Escribo también porque, como todo ser, tengo nudos atravesados, momentos guardados que, no obstante mi “mal genio”, no expulsé explosivamente en su momento y se acumularon como demonios interiores con tridentes afilados que no dejan de estar hincando el trasfondo de mi conciencia. Con la escritura, que como ya dije me divierte, he encontrado formulas para ir liberándolos de manera suave, sin herir a nadie y más bien producir gozo o complacencia en los lectores a la vez que mi espíritu ha ido encontrando sosiego.
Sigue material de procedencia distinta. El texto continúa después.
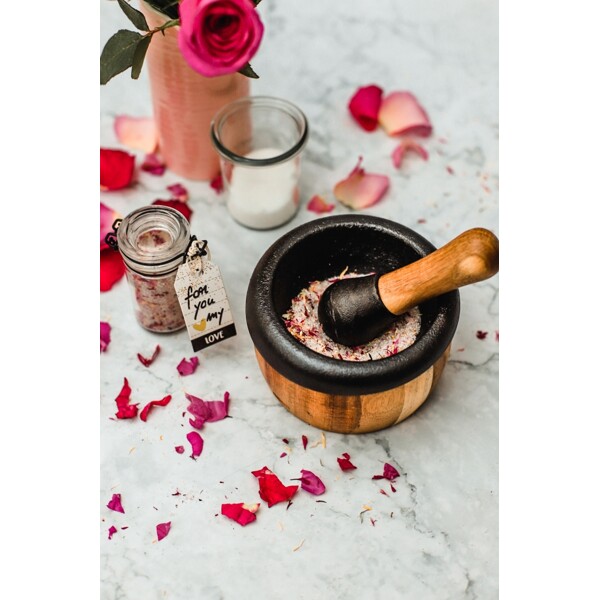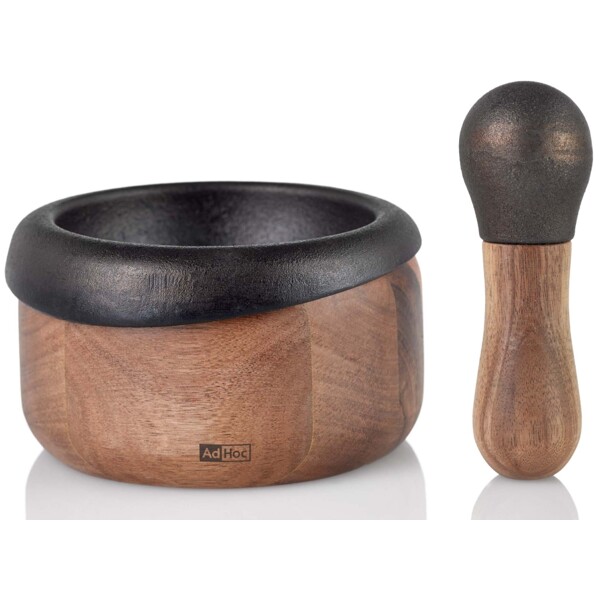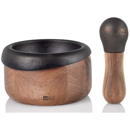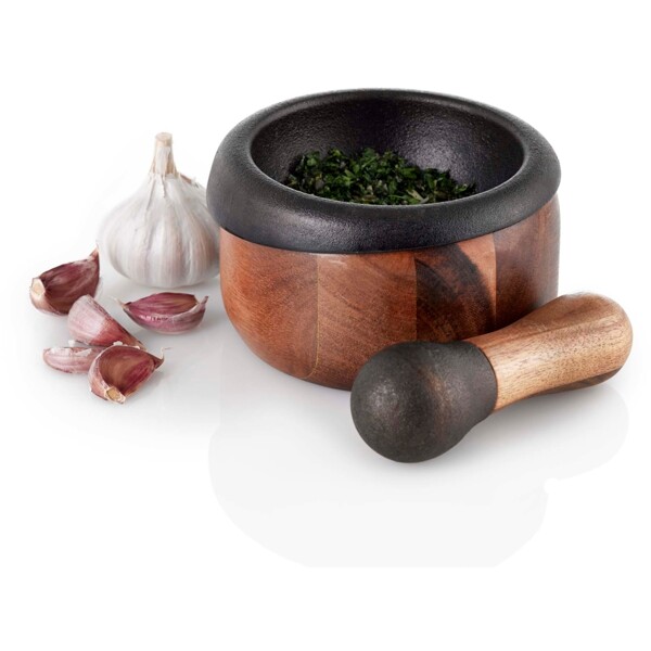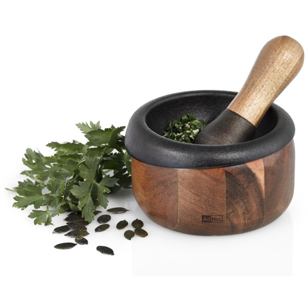 Korkealaatuinen mortteli perinteiseen valmistukseen. Murskaa, jauha ja nuiji helposti. Hiomapinnat ovat korkealaatuista valurautaa ja kahva akaasiapuuta.

Qué más grato que compartir lo que escribo y sentir la satisfacción de ser leído y recibir el cálido y amigable comentario de mis lectores. Por eso en este blog   encuentra:

Escritos desde Santa Marta, Colombia, sobre cosas que en ella pasan y de otras también  y, además,  para exorcizar demonios guardados.

8 pensamientos en ““De qué se trata…”

  1. Joaco, muy buenos tus articulos especialmente aquellos que nos transladan a la epoca de nuestra infancia.
    Saludos

  2. Joaco, “todos llevamos por dentro un arriero que le da perrero al alma”. Dale perrero a ese arriero que llevas por dentro. Te felicito.
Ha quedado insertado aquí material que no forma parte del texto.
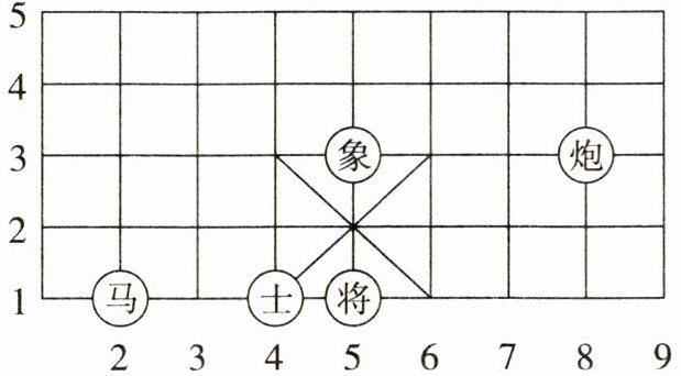 五、如下图,“士”的位置是$(4,1)$。

  3. jajajajjaj ahi estas pintadoo! jajaj q bueno q a través de esta actividad papi le has encontrado sentido a la existencia y muchas cosas mas, admiro la manera de escribir y el léxico q empleas en la redacción. Ah! y espero retomes en cualquier momento la pintura q es otro talento q papa Dios te regalooo y lo hacess superrr guaooo, ve q el primer cuadro para mi casa quiero q sea regalado x ti, no se cuando pero en algun momento la tendré jejejejje ah! y los demas si te los pago jajja muakis DTB

  4. Juaco,ocurre lo mismo con el vicio de pintar,dejar de hacerlo es negarme el derecho a vivir como a mi me gusta,y lo que se comenta,bienvenido,se le esta dando oprtunidad a los que no tienen esta virtud de darle goze a la sinhueso..ja,ja

  5. Joaco: escribir es apasionante, asi le mandé a decir a José Alejandro Vanegas en un comentario sobre su columna. Como tu escribes sobre cosas, sucesos y personajes de Santa Marta, pero la de ayer, la que todos recordamos con mucha nostalgia. Siempre que converso con los jovenes les digo: la Santa Marta de hoy no se parece en nada a la de los años 50 0 60. Todo a cambiado. Entonces, tus escritos tienen esa magia de recordarnos aquellos tiempos, que a mi siguen pareciendo mejores. Sigue escribiendo, no para divertirte, sino para deleitar a tus numerosos lectores, entre los cuales me encuentro yo. Ah! y estas de suerte que tuve tiempo para hacer el comentario de rigor

  6. No hay cosa más agradable en la vida que escribir a lo bien sabroso, o diga usted pintar, dibujar, o caminar con la frente en alto contemplando el entorno en busca de una tienda para degustar una fría con buena compañía y convesar de conformidad cosas del ayer y lo que puede pasar.

  7. Joaco a mi, en lo personal, tus escritos me fascinan. En cierta forma son un compendio histórico que para los que vivimos lo narrado, trae nostálgicos recuerdos y los mas jóvenes pueden aprender lo que fue el pasado reciente. En cuanto a que no todos saborean como yo tus relatos, no te importe, el arte es subjetivo y nadie puede criticar porque los criticos son artistas frustrados. Vargas Llosa dice que el que escribe se libera de los demonios internos que de otra forma no puede eliminar. Por favor, no dejes de hacerlo. Un artista nace, no se hace, tal vez se pula y acrisole, pero el talento es congénito.Cuando publiques tu recopilación, avisa. Tu estilo tiene el poder de llegar a todos, sin términos rebuscados, como escribía Monche.Gracias.